▶ _Available data_:
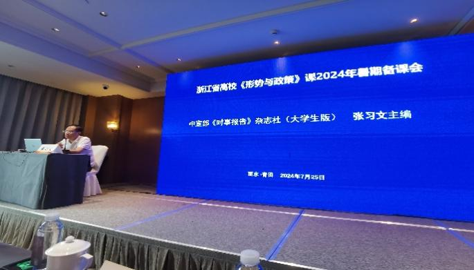 为更好推进《形势与政策》课教学,7月24日至28日,省高校“形势与政策”课教学研究分会在丽水青田县举办了全省高校2024年《形势与政策》课教师暑期备课会。我校邢雁欣、潘旦、李文生三位老师参加了本次集体备课。
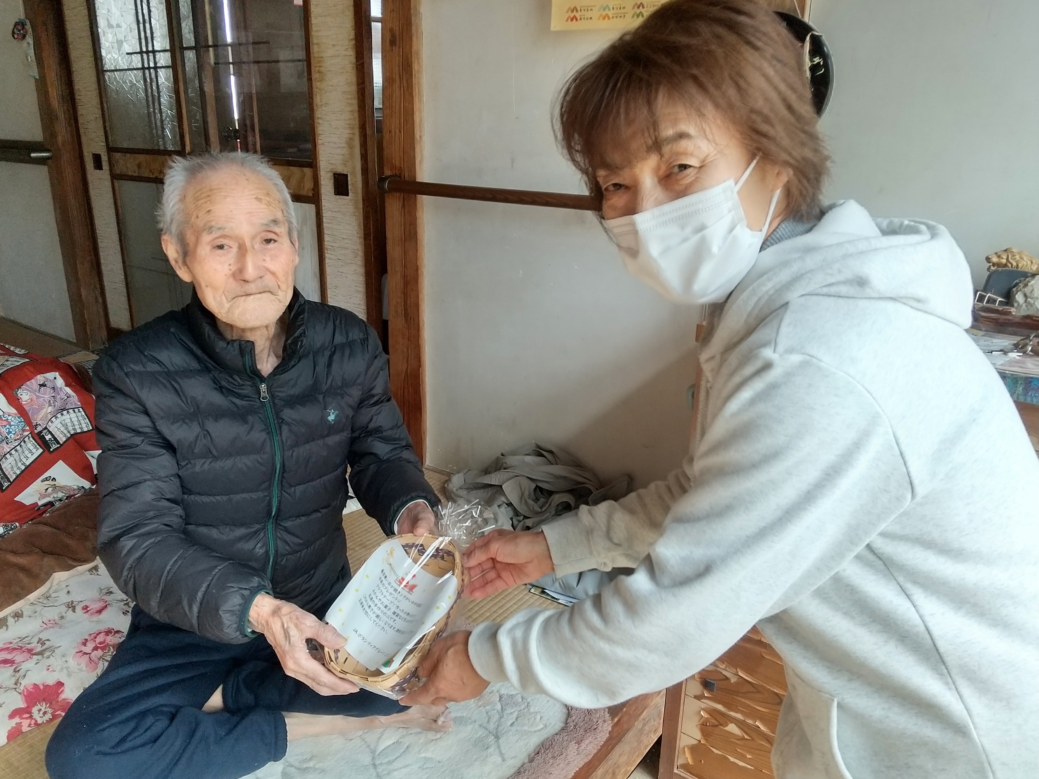 8日には、よつば会代表の直江いち子さんがプレゼントを手に高齢者宅を訪問。「変わりないですか?寒くなってきたので暖かくして過ごしてくださいね」と声をかけました。プレゼントはよつば会会員のほか、JA職員も協力して霊山町内の対象者52名へ届けられる予定です。
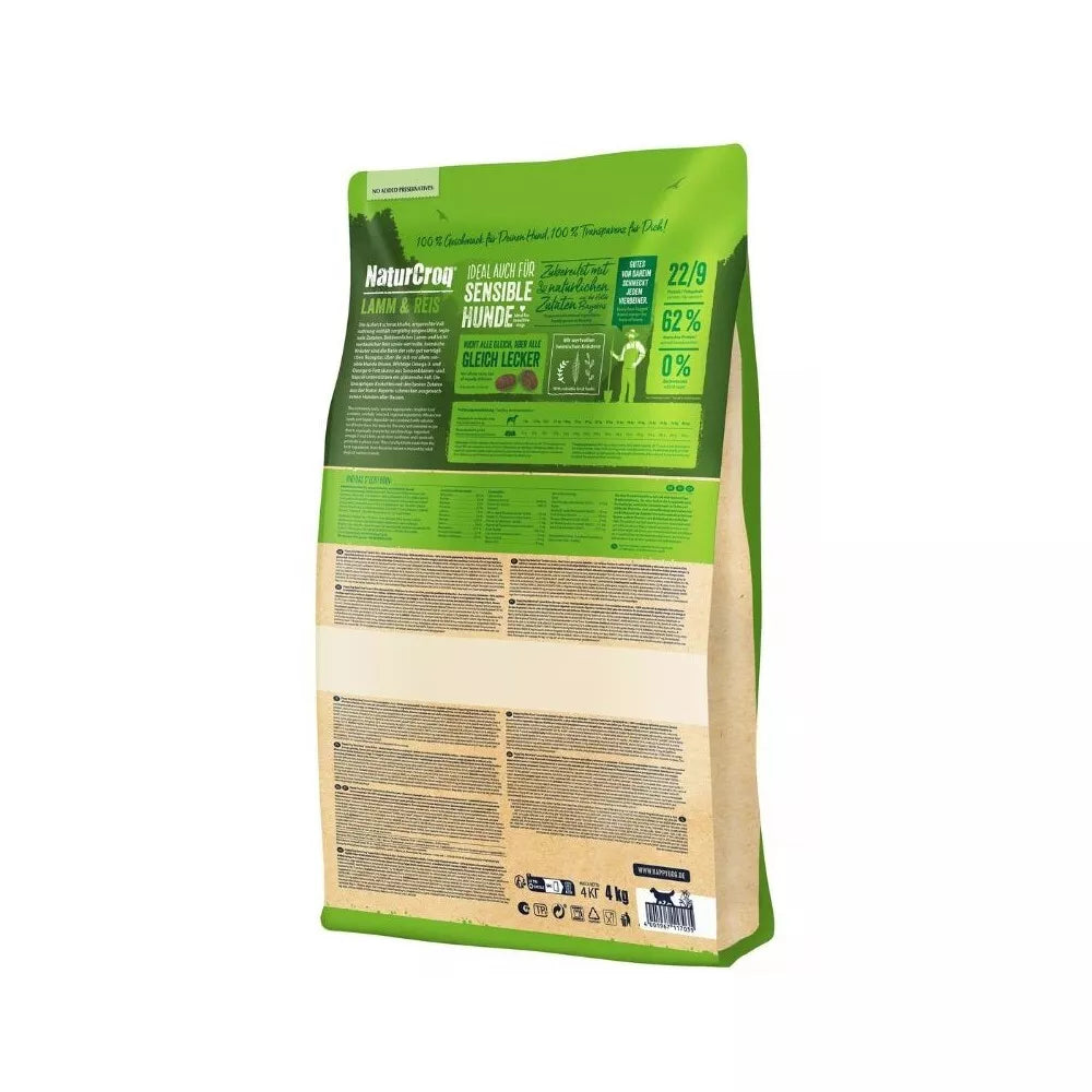 Happy Dog NaturCroq Lamm&Reis sukurtas atsižvelgiant į šunų mitybos poreikius. Jame esanti kokybiška ėriena (8,5%) ir ryžiai (8,5%) užtikrina puikų baltymų šaltinį, kuris yra lengvai įsisavinamas ir nedirgina virškinimo trakto. Maistas turi mažą riebalų kiekį, kas padeda palaikyti optimalų kūno svorį ir energijos lygį. Pilno grūdo kviečiai, kukurūzai ir miežiai suteikia ląstelienos ir energijos, o natūralūs aliejai (saulėgrąžų ir rapsų) papildo racioną Omega-6 riebalų rūgštimis. Papildomai įdėtos naudingos žolelės, tokios kaip avižos, saulėgrąžos, pipirnės ir petražolės, skatina virškinimą ir stiprina imuninę sistemą. Šis maistas yra 100% subalansuotas ir lengvai virškinamas.

▶ _Exercise objective_:
The whole listing must come back verbatim, with no pictures included.

▶ _Solved problem_:
 为更好推进《形势与政策》课教学,7月24日至28日,省高校“形势与政策”课教学研究分会在丽水青田县举办了全省高校2024年《形势与政策》课教师暑期备课会。我校邢雁欣、潘旦、李文生三位老师参加了本次集体备课。
 8日には、よつば会代表の直江いち子さんがプレゼントを手に高齢者宅を訪問。「変わりないですか?寒くなってきたので暖かくして過ごしてくださいね」と声をかけました。プレゼントはよつば会会員のほか、JA職員も協力して霊山町内の対象者52名へ届けられる予定です。
 Happy Dog NaturCroq Lamm&Reis sukurtas atsižvelgiant į šunų mitybos poreikius. Jame esanti kokybiška ėriena (8,5%) ir ryžiai (8,5%) užtikrina puikų baltymų šaltinį, kuris yra lengvai įsisavinamas ir nedirgina virškinimo trakto. Maistas turi mažą riebalų kiekį, kas padeda palaikyti optimalų kūno svorį ir energijos lygį. Pilno grūdo kviečiai, kukurūzai ir miežiai suteikia ląstelienos ir energijos, o natūralūs aliejai (saulėgrąžų ir rapsų) papildo racioną Omega-6 riebalų rūgštimis. Papildomai įdėtos naudingos žolelės, tokios kaip avižos, saulėgrąžos, pipirnės ir petražolės, skatina virškinimą ir stiprina imuninę sistemą. Šis maistas yra 100% subalansuotas ir lengvai virškinamas.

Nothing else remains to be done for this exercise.